> Input records:
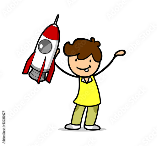 Kleiner Junge mit Raumschiff Modell als Spielzeug
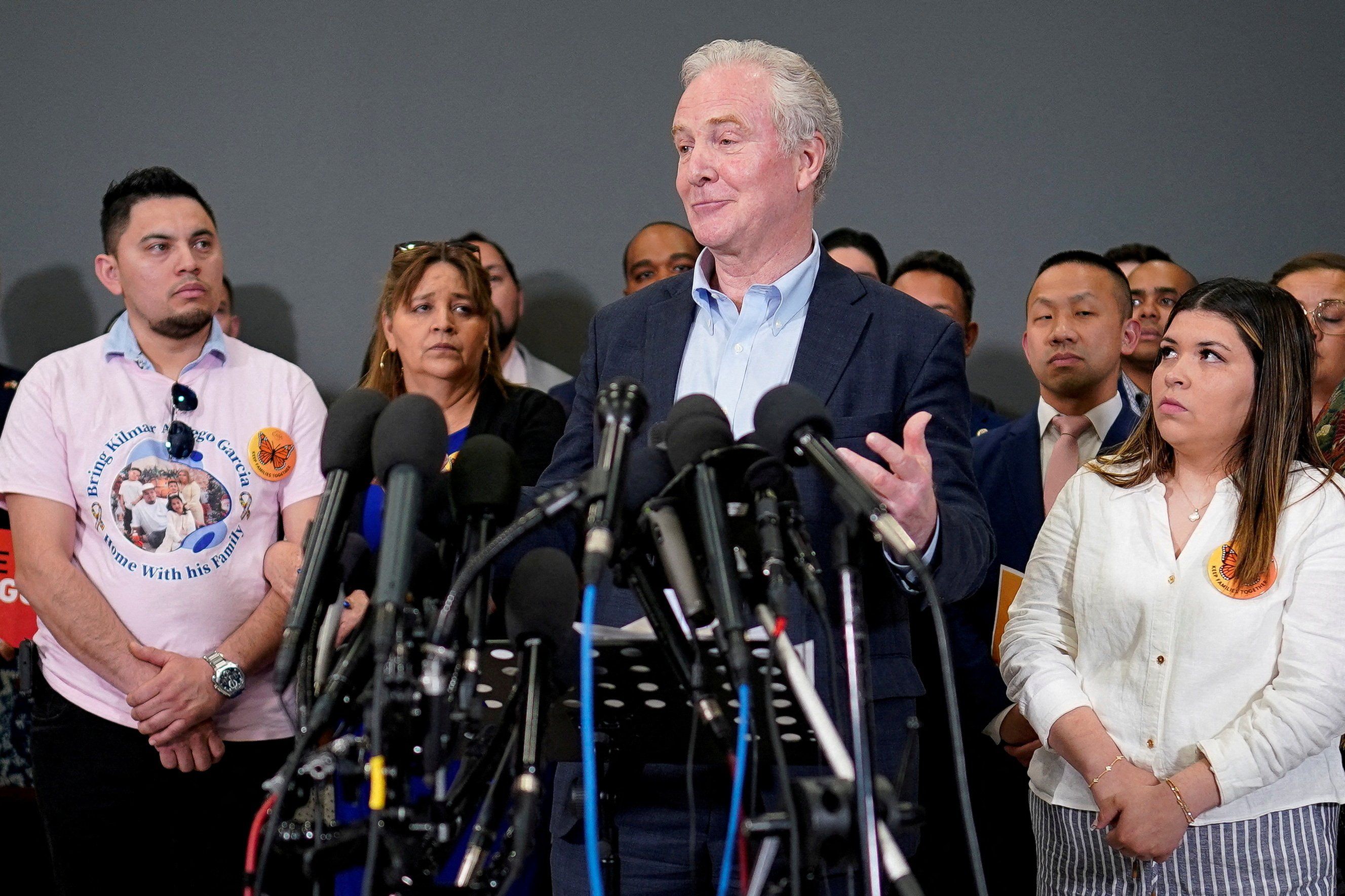 Maryland Sen. Chris Van Hollen (D-MD) traveled to El Salvador in April to try to make contact with Abrego Garcia and check on his well being.
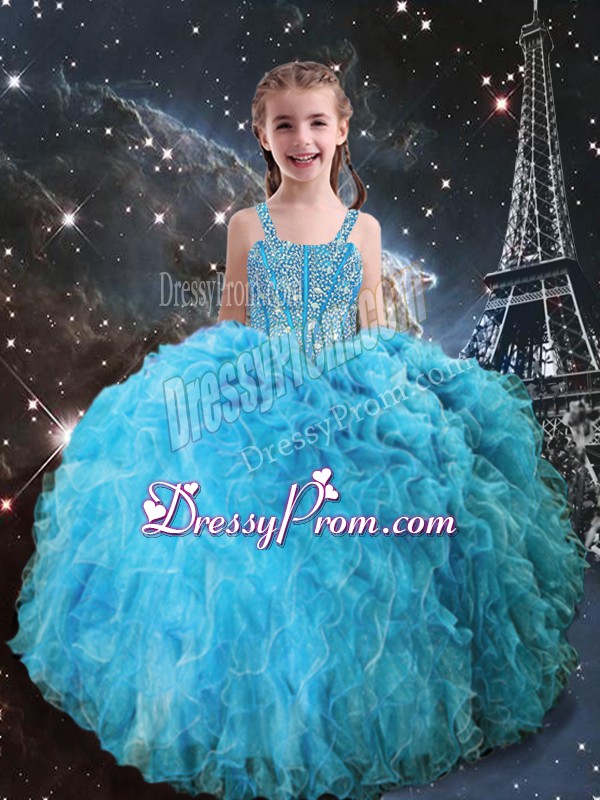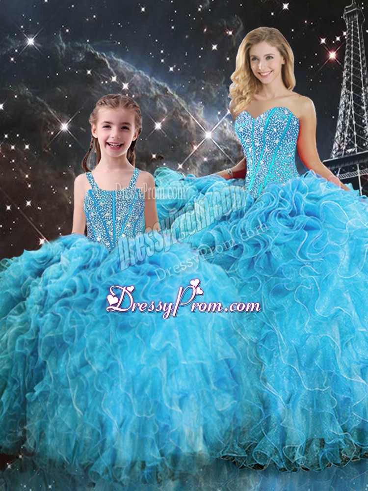 Attractive Aqua Blue Sleeveless Floor Length Beading and Ruffles Lace Up Ball Gown Prom Dress
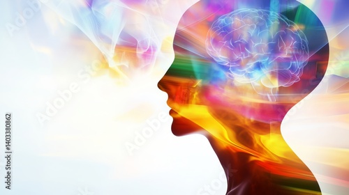 Visual representation of the human mind with colorful brain imagery illustrating insights, mindfullness, thoughts and emotions
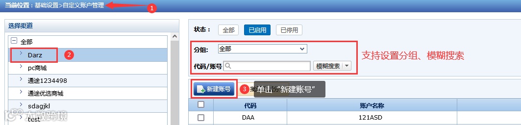路径:基础设置 → 自定义渠道 → 账户管理 → 选择渠道 → 新建账号
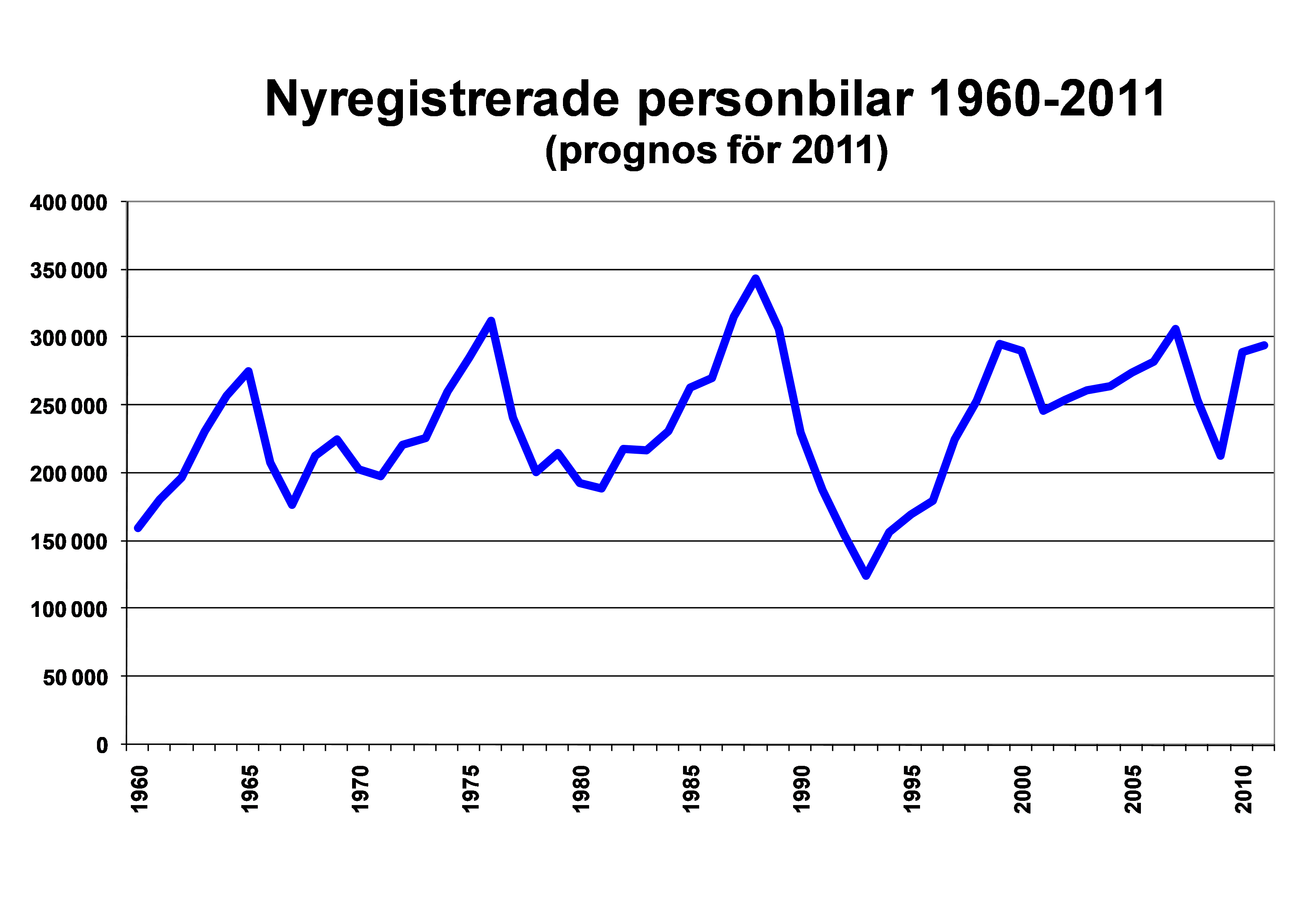 Detta i sin tur gör att vår prognos landar högre än förra året – nämligen 295 000 personbilar för 2011 samt 42 000 lätta lastbilar, avslutar Bertil Moldén.
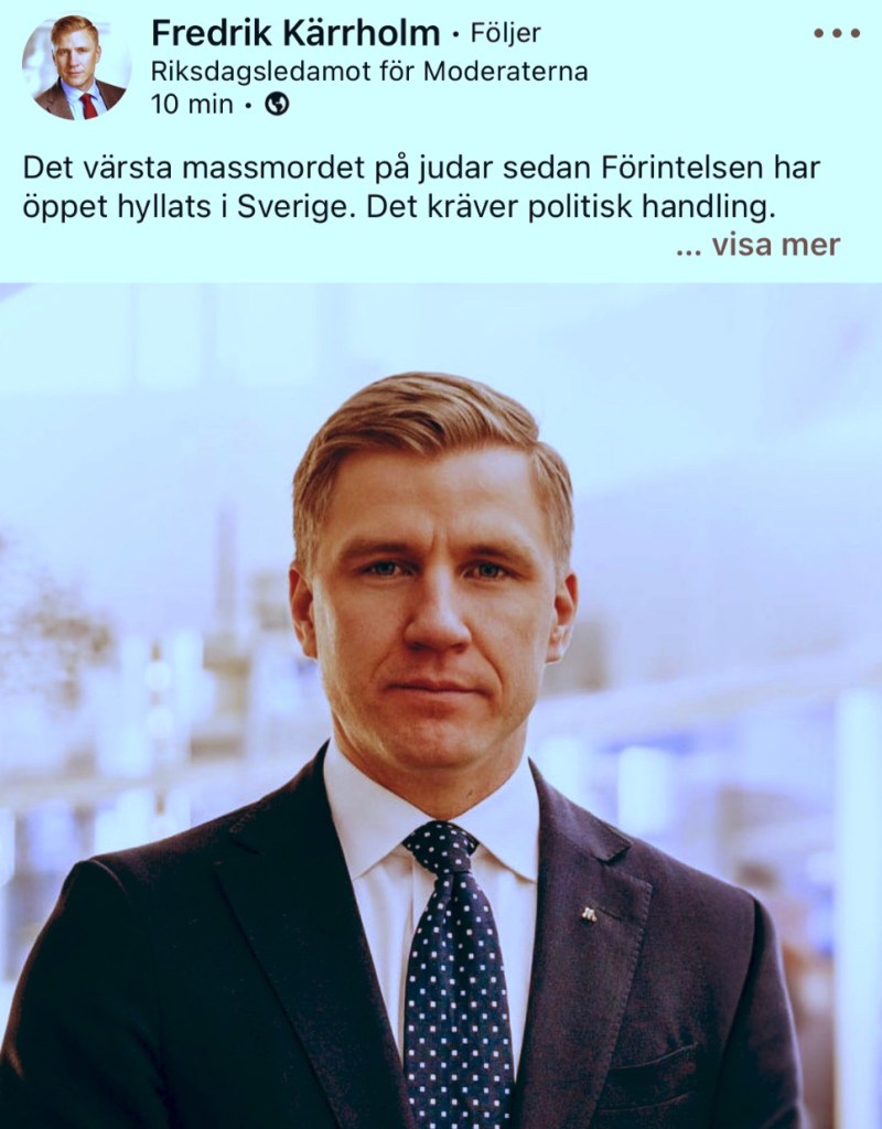 Edhe në partinë e Ulf Kristersson ka mendime të forta se si duhet të trajtohen ata që lavdërojnë Hamasin.
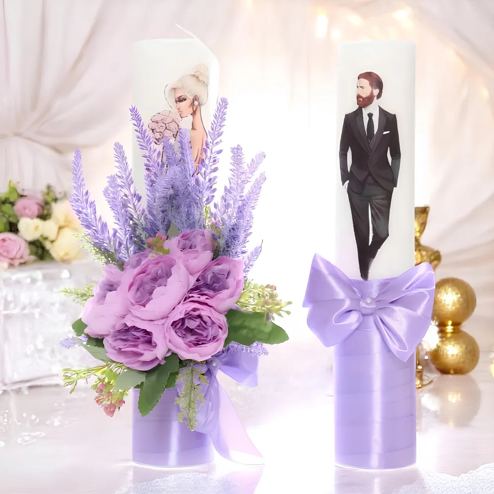 Set 2 Lumanari pentru Nunta cu flori artificiale LILA - LN03
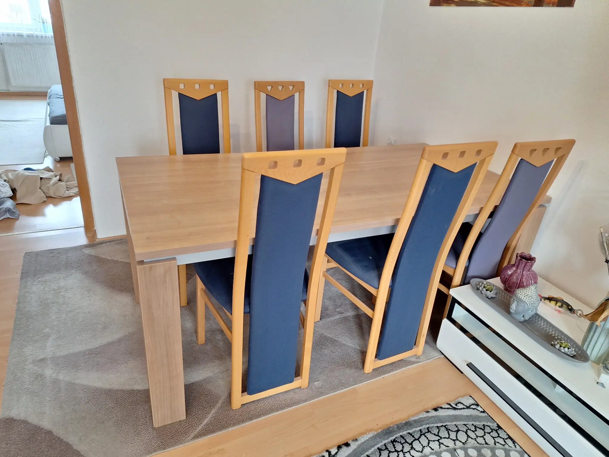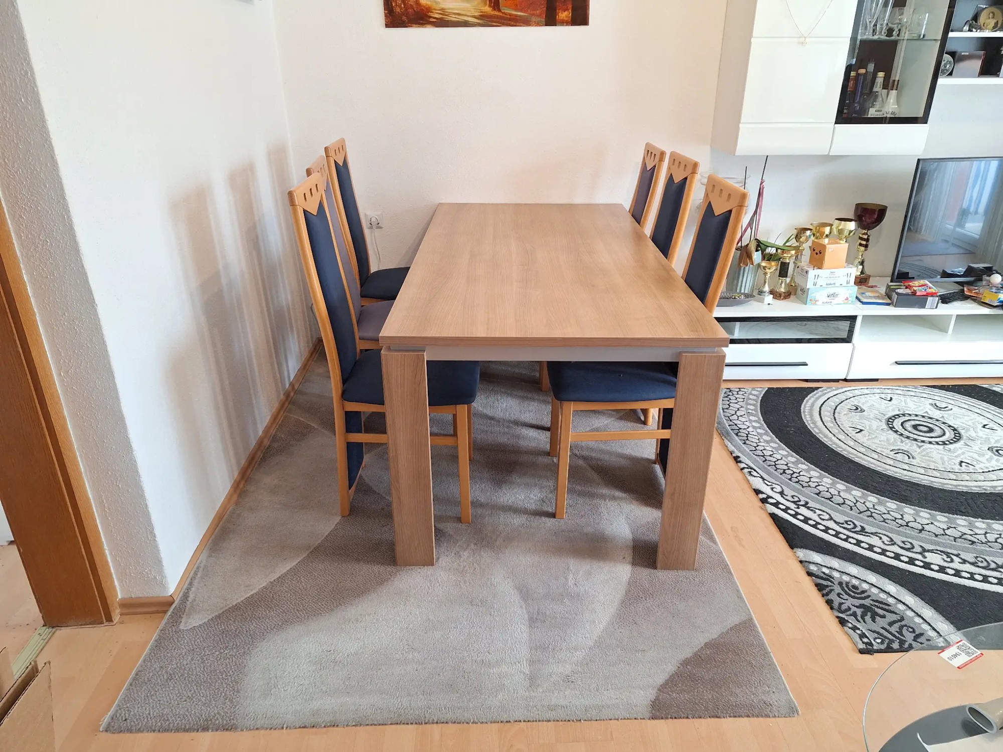 180 x 90 x 75 cm, inkl. 6 Stühle und Teppich

> Task item:
Write out every line of the listing exactly as written, and leave the pictures out.

> Answer to this problem:
 Kleiner Junge mit Raumschiff Modell als Spielzeug
 Maryland Sen. Chris Van Hollen (D-MD) traveled to El Salvador in April to try to make contact with Abrego Garcia and check on his well being.
 Attractive Aqua Blue Sleeveless Floor Length Beading and Ruffles Lace Up Ball Gown Prom Dress
 Visual representation of the human mind with colorful brain imagery illustrating insights, mindfullness, thoughts and emotions
路径:基础设置 → 自定义渠道 → 账户管理 → 选择渠道 → 新建账号
 Detta i sin tur gör att vår prognos landar högre än förra året – nämligen 295 000 personbilar för 2011 samt 42 000 lätta lastbilar, avslutar Bertil Moldén.
 Edhe në partinë e Ulf Kristersson ka mendime të forta se si duhet të trajtohen ata që lavdërojnë Hamasin.
 Set 2 Lumanari pentru Nunta cu flori artificiale LILA - LN03
 180 x 90 x 75 cm, inkl. 6 Stühle und Teppich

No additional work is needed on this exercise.